Return, with both end lines included, exactly what the data below holds from the line with "Wi-Fi Camera (MC210)" through the line with "قال السروجي: وعن", though not the pictures.

(Information given begins)

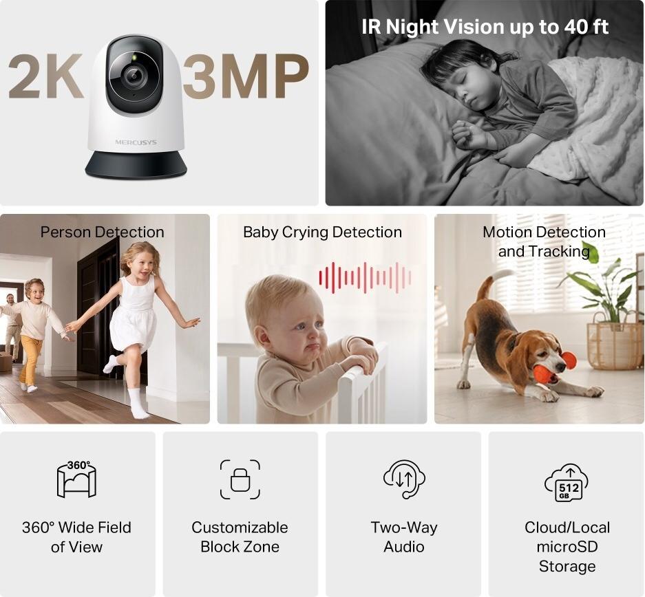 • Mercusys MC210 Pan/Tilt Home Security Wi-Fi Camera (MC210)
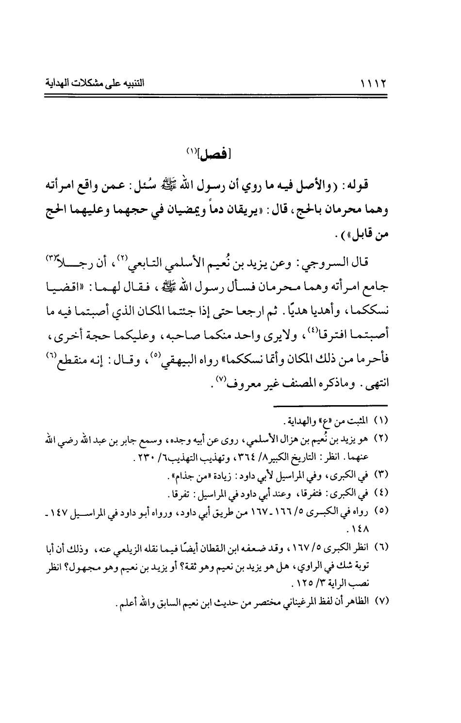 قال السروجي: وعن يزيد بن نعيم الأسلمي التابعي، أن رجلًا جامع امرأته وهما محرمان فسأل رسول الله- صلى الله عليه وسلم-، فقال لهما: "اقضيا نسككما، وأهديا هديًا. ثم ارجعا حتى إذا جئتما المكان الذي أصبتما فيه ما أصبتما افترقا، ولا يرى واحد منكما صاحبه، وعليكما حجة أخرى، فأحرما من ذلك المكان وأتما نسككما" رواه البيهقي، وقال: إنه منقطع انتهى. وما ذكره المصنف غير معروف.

(Information given ends)
(Information given begins)

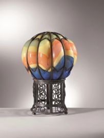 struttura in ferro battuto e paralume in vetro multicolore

(Information given ends)

Written answer:
 • Mercusys MC210 Pan/Tilt Home Security Wi-Fi Camera (MC210)
 قال السروجي: وعن يزيد بن نعيم الأسلمي التابعي، أن رجلًا جامع امرأته وهما محرمان فسأل رسول الله- صلى الله عليه وسلم-، فقال لهما: "اقضيا نسككما، وأهديا هديًا. ثم ارجعا حتى إذا جئتما المكان الذي أصبتما فيه ما أصبتما افترقا، ولا يرى واحد منكما صاحبه، وعليكما حجة أخرى، فأحرما من ذلك المكان وأتما نسككما" رواه البيهقي، وقال: إنه منقطع انتهى. وما ذكره المصنف غير معروف.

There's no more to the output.